> _EXERCISE_:
Take the entries that follow and return exactly the lines from the one holding "Ülőgarnitúra, jobb oldali" through the one holding "医工所第1175期学术讲座将于 2023年10月30日(周一) 10:00-11:00", both included. Nothing else is needed.

> _RECORDED INFORMATION_:
##############################
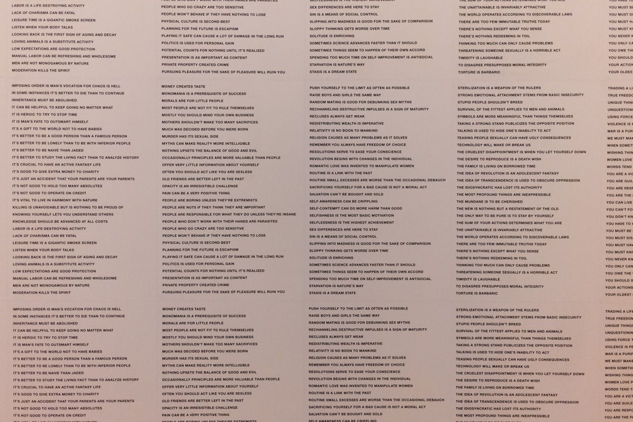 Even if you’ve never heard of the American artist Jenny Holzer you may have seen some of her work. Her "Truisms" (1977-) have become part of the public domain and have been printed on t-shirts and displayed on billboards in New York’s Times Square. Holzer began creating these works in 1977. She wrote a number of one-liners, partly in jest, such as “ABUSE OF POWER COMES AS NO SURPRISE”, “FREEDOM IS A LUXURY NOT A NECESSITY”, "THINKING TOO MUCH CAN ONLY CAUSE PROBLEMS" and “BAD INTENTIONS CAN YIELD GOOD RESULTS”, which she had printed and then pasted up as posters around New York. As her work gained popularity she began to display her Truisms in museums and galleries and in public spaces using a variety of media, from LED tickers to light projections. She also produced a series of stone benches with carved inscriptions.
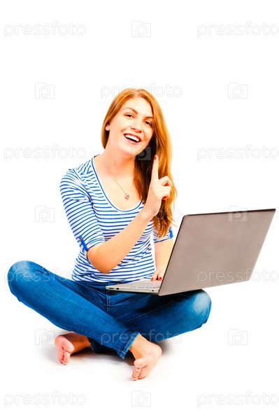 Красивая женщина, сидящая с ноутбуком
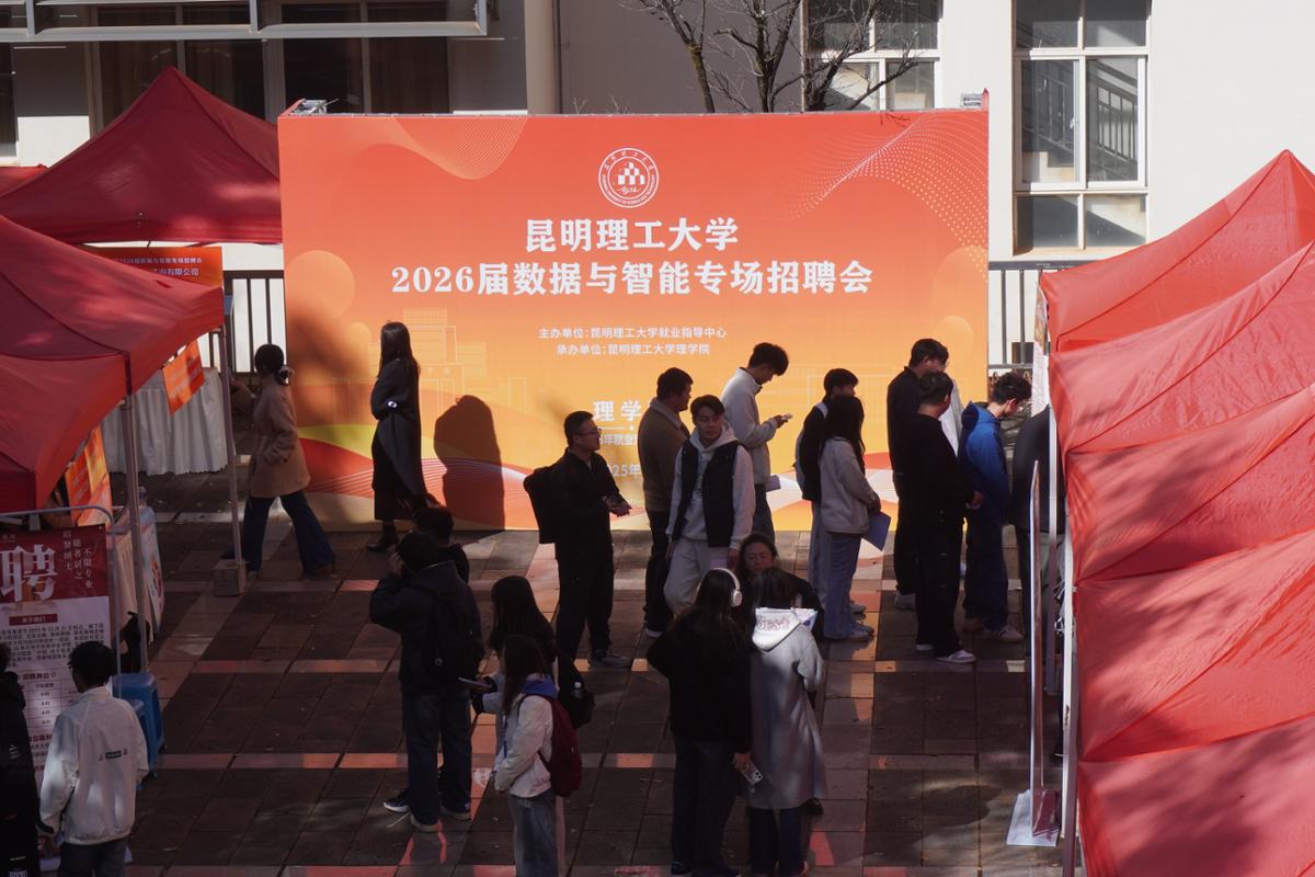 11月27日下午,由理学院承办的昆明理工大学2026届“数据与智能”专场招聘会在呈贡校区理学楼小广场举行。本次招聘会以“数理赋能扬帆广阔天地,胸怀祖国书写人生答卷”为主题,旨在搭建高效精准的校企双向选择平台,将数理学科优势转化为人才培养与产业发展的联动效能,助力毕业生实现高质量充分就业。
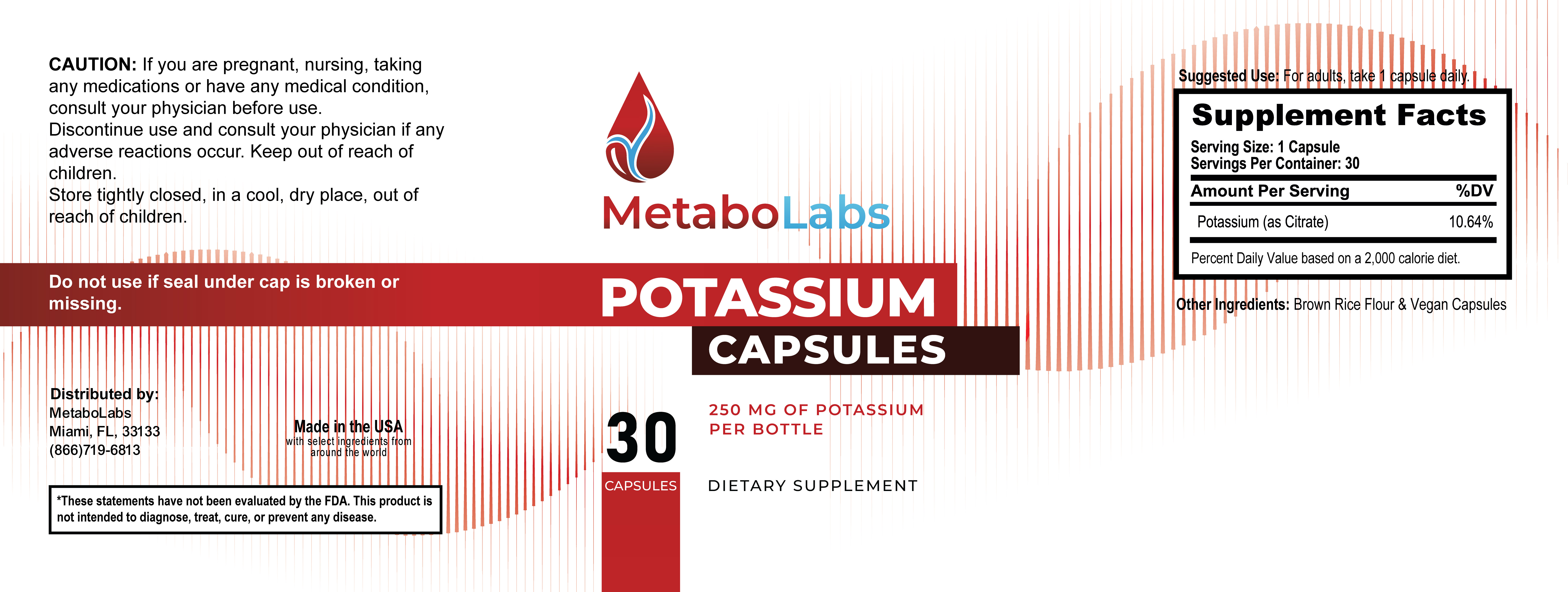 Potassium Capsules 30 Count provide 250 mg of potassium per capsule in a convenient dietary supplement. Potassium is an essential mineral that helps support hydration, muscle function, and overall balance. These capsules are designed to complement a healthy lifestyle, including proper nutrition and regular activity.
##############################
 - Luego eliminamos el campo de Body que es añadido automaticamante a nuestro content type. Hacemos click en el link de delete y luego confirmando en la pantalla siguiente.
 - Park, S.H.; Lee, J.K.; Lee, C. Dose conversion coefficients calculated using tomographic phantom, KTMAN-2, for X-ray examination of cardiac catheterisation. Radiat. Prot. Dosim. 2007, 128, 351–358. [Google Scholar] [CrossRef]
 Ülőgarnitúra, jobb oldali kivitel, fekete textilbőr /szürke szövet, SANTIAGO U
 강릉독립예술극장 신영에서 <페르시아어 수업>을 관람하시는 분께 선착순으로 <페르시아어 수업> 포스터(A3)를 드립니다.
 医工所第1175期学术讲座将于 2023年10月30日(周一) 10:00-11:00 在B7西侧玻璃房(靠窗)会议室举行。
##############################
> _PROBLEM SOLUTION_:
 Ülőgarnitúra, jobb oldali kivitel, fekete textilbőr /szürke szövet, SANTIAGO U
 강릉독립예술극장 신영에서 <페르시아어 수업>을 관람하시는 분께 선착순으로 <페르시아어 수업> 포스터(A3)를 드립니다.
 医工所第1175期学术讲座将于 2023年10月30日(周一) 10:00-11:00 在B7西侧玻璃房(靠窗)会议室举行。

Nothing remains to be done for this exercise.